Most of the songs I've written came out of heartbreak, but I have some pieces that weren't. One is a tune that I've written several sets of lyrics to and never been satisfied with the words, and I'm not sure exactly where it came from - the tune was just there - but it feels to me like something spiritual. Another is more explicitly so, words and music having come at once in one of those perfect, fluid moments where the composition just seems to happen, just after I finished reading Mary Stewart's The Crystal Cave. When I started writing it, I'd thought I'd have only one verse about Merlin and the others would be about Jesus and ...oh, someone else, but somehow I had three versus about Merlin, although in some ways it's as much about Jesus' moment of doubt as anything. And I've written some songs about other things that hurt. That's what it is about making music, for the most part - you're working out your pain, your horror, your anger, your faith, your fear, your loneliness, your confusion, whatever - and sometimes, if you're lucky, you're expressing your joy. I always assumed that everyone knows this.

So it came as something of a shock to me to hear people complaining that Bruce Springsteen was doing something exploitative by making The Rising so explicitly about 9/11. My god, he's one of the most important songwriters of our time (and a major east coast kinda guy), and people think he could not be moved enough by the shattering of the New York skyline to make it central to his next album? How?
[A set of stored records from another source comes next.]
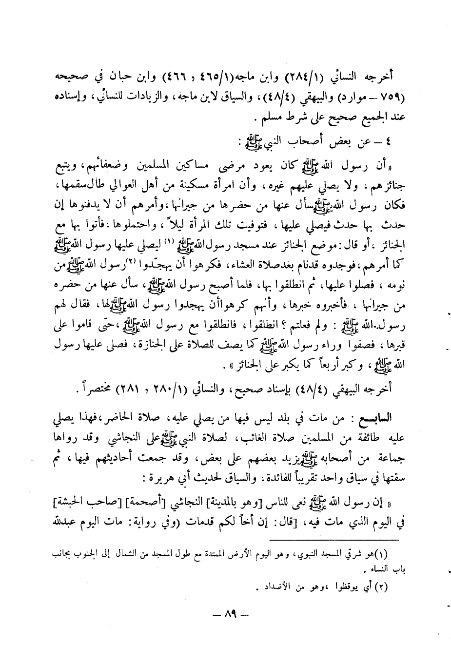 4 - عن بعض أصحاب النبي صلى الله عليه وسلم: أن رسول الله صلى الله عليه وسلم، كان يعود مرضى مساكين المسلمين وضعفائهم: ويتبع جنائزهم ولا يصلي عليهم غيره، وأن امرأة مسكينة من أهل العوالي طال سقمها، فكان رسول الله صلى الله عليه وسلم سأل عنها من حضرها من جيرانها " وأمرهم أن لا يدفنوها إن حدث بها حدث فيصلي عليها، فتوفيت تلك المرأة ليلا واحتملوها فأتوا بها مع الجنائز أو قال: موضع الجنائز عند مسجد رسول الله صلى الله عليه وسلم (1) ليصلي عليها رسول الله صلى الله عليه وسلم كما أمرهم فوجدوه قد نام بعد صلاة العشاء " فكرهوا أن يهجدوا (2) رسول الله صلى الله عليه وسلم من نومه فصلوا عليها. ثم انطلقوا بها، فلما أصبح رسول الله صلى الله عليه وسلم سأل عنها من حضره من جيرانها، فأخبروه خبرها، وانهم كررهوا ان يهجدوا رسول الله صلى الله عليه وسلم لها فقال لهم رسول الله صلى الله عليه وسلم: ولم فعلتم؟ انطلقوا، فانطلقوا مع رسول الله صلى الله عليه وسلم حتى قاموا على قبرها فصفوا وراء رسول الله صلى الله عيه وسلم كما يصف للصلاة على الجنازة فصلى عليها رسول الله صلى الله عليه وسلم وكبر أربعا كما يكبر على الجنائز " أخرجه البيهقي (4/ 48) بإسناد صحيح، والنسائي (1/ 280، 281) مختصرا السابع: من مات في بلد ليس فيها من يصلي عليه، صلاة الحاضر، فهذا يصلي عليه طائفة من المسلمين صلاة الغائب، لصلاة النبي صلى الله عليه وسلم على النجاشي وقد رواها جماعة من أصحابه يزيد بعضهم على بعض، وقد جمعت أحاديثهم فيها، ثم سقتها في سياق واحد تقريبا للفائدة. والسياق لحديث أبي هريرة: " إن رسول الله صلى الله عليه وسلم صلى الله عليه وسلم نعى للناس [وهو بالمدينة] النجاشي [أصحمه] [صاحب الحبشة] في اليوم الذي مات فيه: [قال: إن أخا قد مات (وفي رواية: مات اليوم عبد لله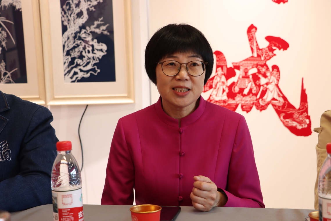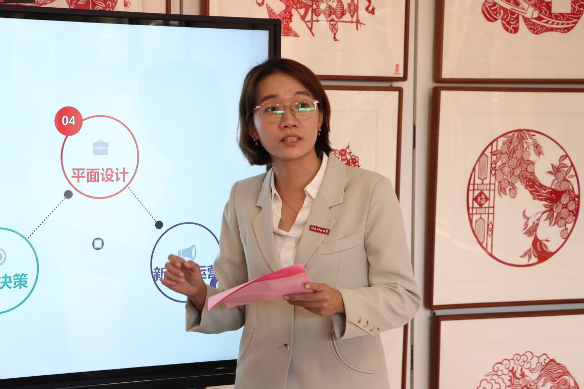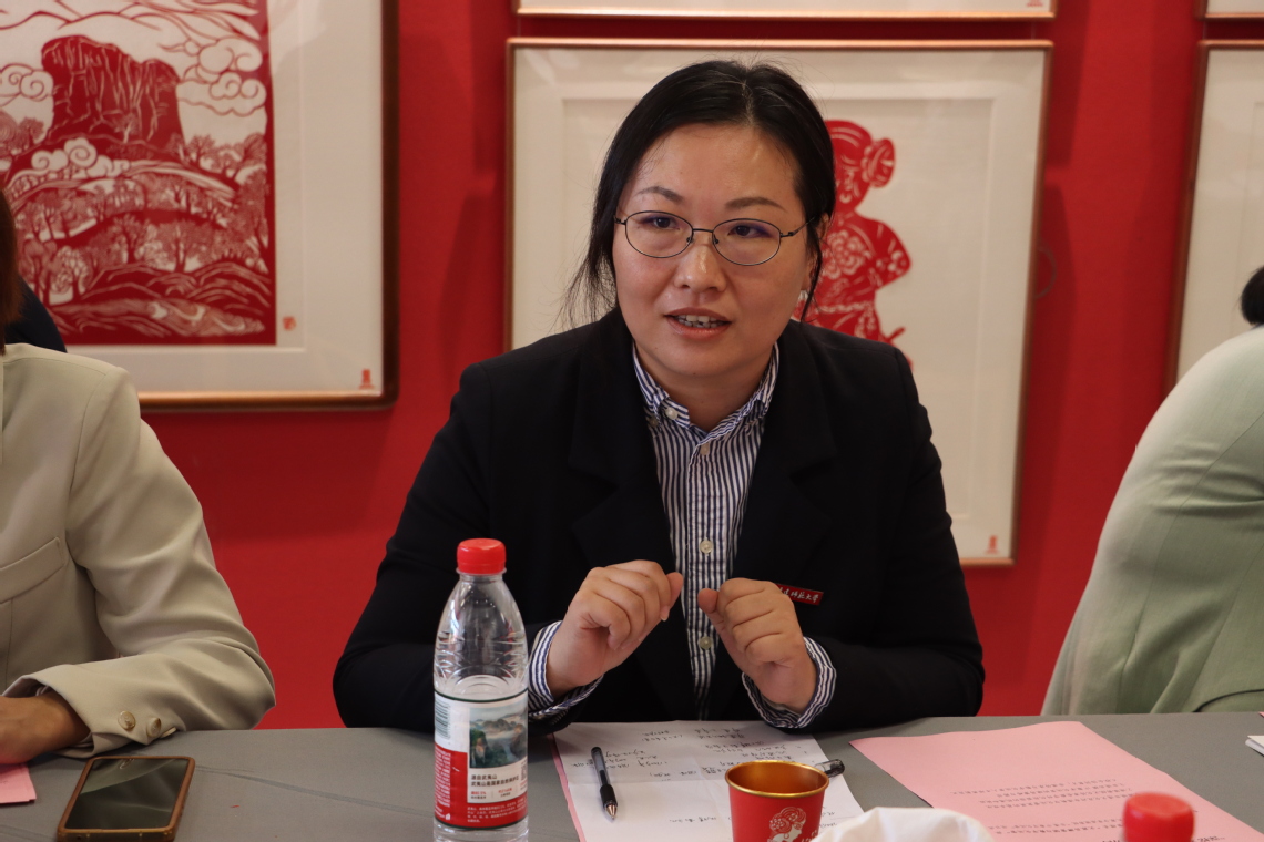 主题座谈会上,我系教工党支部组织委员、“文旅品牌营销与数字化运营”微专业负责人翁清清,展示了“非遗IP数字化运营”项目的实施与规划。与会嘉宾围绕非遗数字化保护、创新发展等关键议题进行了深入交流。浦城县文学艺术界联合会主席傅让兴指出,非遗传承需要情怀支撑,要通过数字赋能推动非遗产业化发展,充分发挥地方资源优势。浦城县巧剪文化传播有限公司首席文化官李增全表示:“实现从非遗的保护到文化产业的兴盛,关键在人才,既需培育传承技艺的‘守艺人’,也需培养懂市场、善创新的‘开拓者’”。国家级非遗传承人周冬梅提出,剪纸技艺在保留传统特色的基础上要不断创新,开发符合当代审美需求的文创产品,积极探索非遗技艺在新时代的传承路径。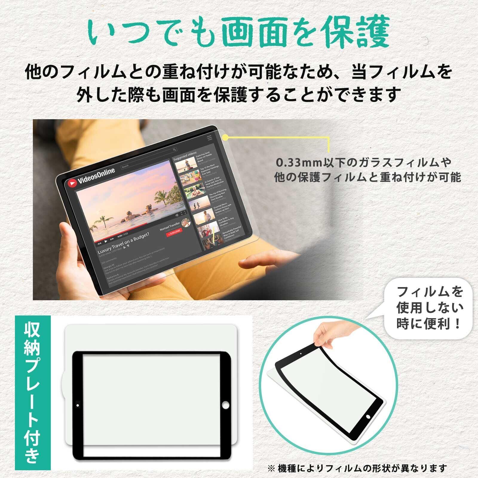 【着脱式】上下左右すべての枠が粘着式で何度でも着脱できる新素材を採用しています。iPadにしっかりと密着するため、タッチパネルの感度が落ちづらく、描き心地も良いです。マグネット式と比べてフィルムがズレる心配がないため、快適にイラストやメモを書くことができます。 動画を楽しみたい時などはフィルムを外すことができるので便利です。 また、外したフィルムに傷やホコリが付かないようにするための収納プレートが付属しています。

On the 12th of September last year, Claire Fox of Institute of Ideas phoned me to ask if I was okay and still wanted to meet for our scheduled lunch that day. I did, very much - I wanted to be with people. Of course, what we talked about was altered by events, but it was good to be with people who understood how I felt. But I remember how surreal everything felt, watching everything be, well, normal. People were on the tubes, going to lunch, laughing in the streets, going back to work, as if nothing had happened. But I knew something had, and so did everyone else. When I went to the local Tesco, one of the (Indian) cashiers asked me how I was, and I said, "Freaked out," and she said, "Me, too." At the pub, a black English woman I bumped into on the way back from the loo - a total stranger - heard my accent and asked me if I was all right, and made clear how much she felt for me, for my country, for my people. It was like that. But it was normal, too. The day to day reality went on, people going to work, people coming home, lovers fighting, people having their hearts broken, or hoping for new relationships to grow. And behind it all, the anger, the fear, the questions.
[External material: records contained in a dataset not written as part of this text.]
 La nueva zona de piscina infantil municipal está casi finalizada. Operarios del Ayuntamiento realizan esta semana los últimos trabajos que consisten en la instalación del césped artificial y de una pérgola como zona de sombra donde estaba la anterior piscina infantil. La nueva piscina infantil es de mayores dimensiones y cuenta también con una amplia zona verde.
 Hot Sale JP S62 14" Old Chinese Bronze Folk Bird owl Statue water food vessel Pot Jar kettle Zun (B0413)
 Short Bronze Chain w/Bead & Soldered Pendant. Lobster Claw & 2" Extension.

Bruce Springsteen has put those things together beautifully - and with heart. There are songs on this album that, someday, people will hear and think they are only love songs or party songs, but they are impossible to listen to now without feeling their resonance with the events of that terrible day. You're missing, when I shut out the lights.... And even in the songs that are more directly about 9/11, the private, individual, human reality of it all is never left out - is, in fact, the central issue. I hold my breath and close my eyes and I wait for paradise.
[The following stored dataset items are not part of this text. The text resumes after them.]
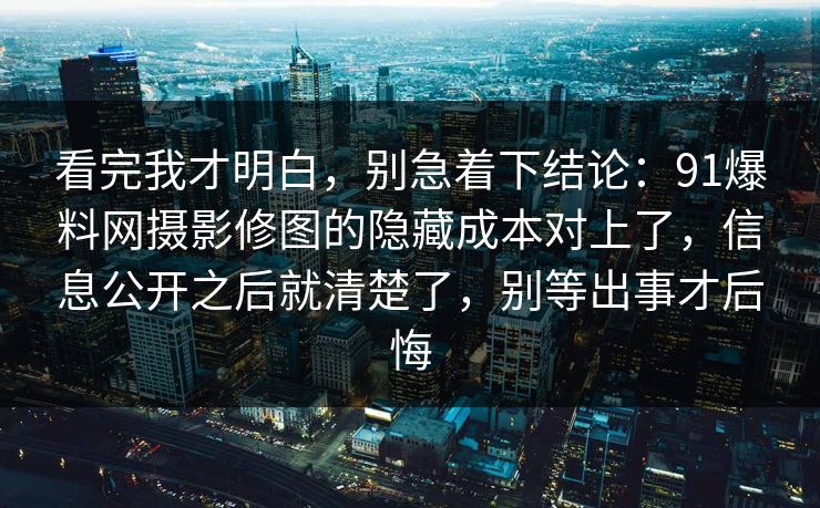 看完我才明白,别急着下结论:91爆料网摄影修图的隐藏成本对上了,信息...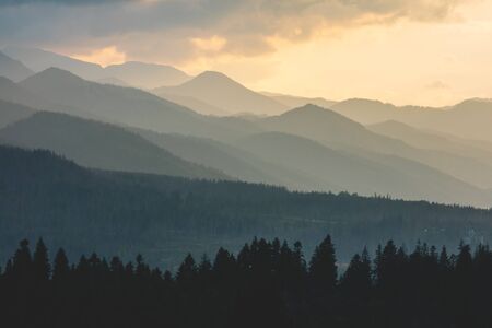 Sunset in the mountains. Beautiful summer landscape. Carpathians, Ukraine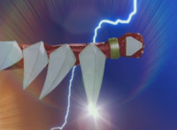 Triassic slashes downward on Evil White, spark bursting him profusely. |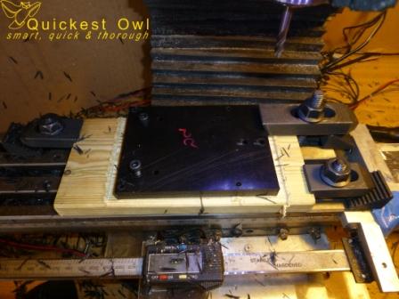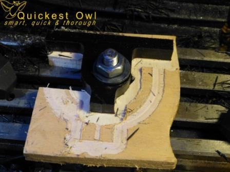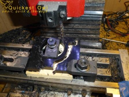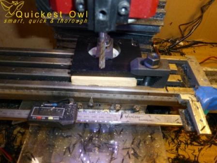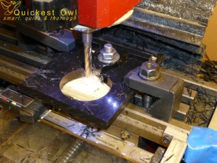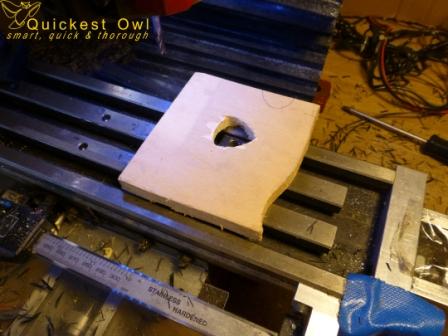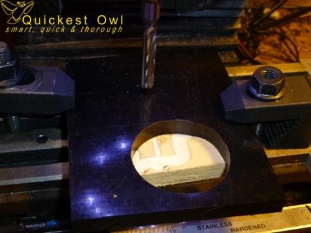 במחשבה קדימה על המשך דפינת המחבר העליון במהלך ייצורו , יצרתי קדח בפלטת עץ אשר תמוקם תחת פלטת הדלרין , השימוש בקדח נועד לדפינת המחבר העליון בזמן כרסומו ההיקפי.

Most importantly, The Rising is not an angry fist shaken at the enemy, but a heart longing to understand, to mend and love again. A little revenge and this too shall pass, but There's a lot of walls need tearing down. They send chills up my spine, but they aren't the words of a man who is beyond groping to understand and find a new peace. These are love songs to humanity.

This is what's good about us. We love, we care, we mourn, we go on, we rebuild our fractured lives - we even learn to forgive, if we're good enough.

These are the finest gifts, that remind us of how good we can be.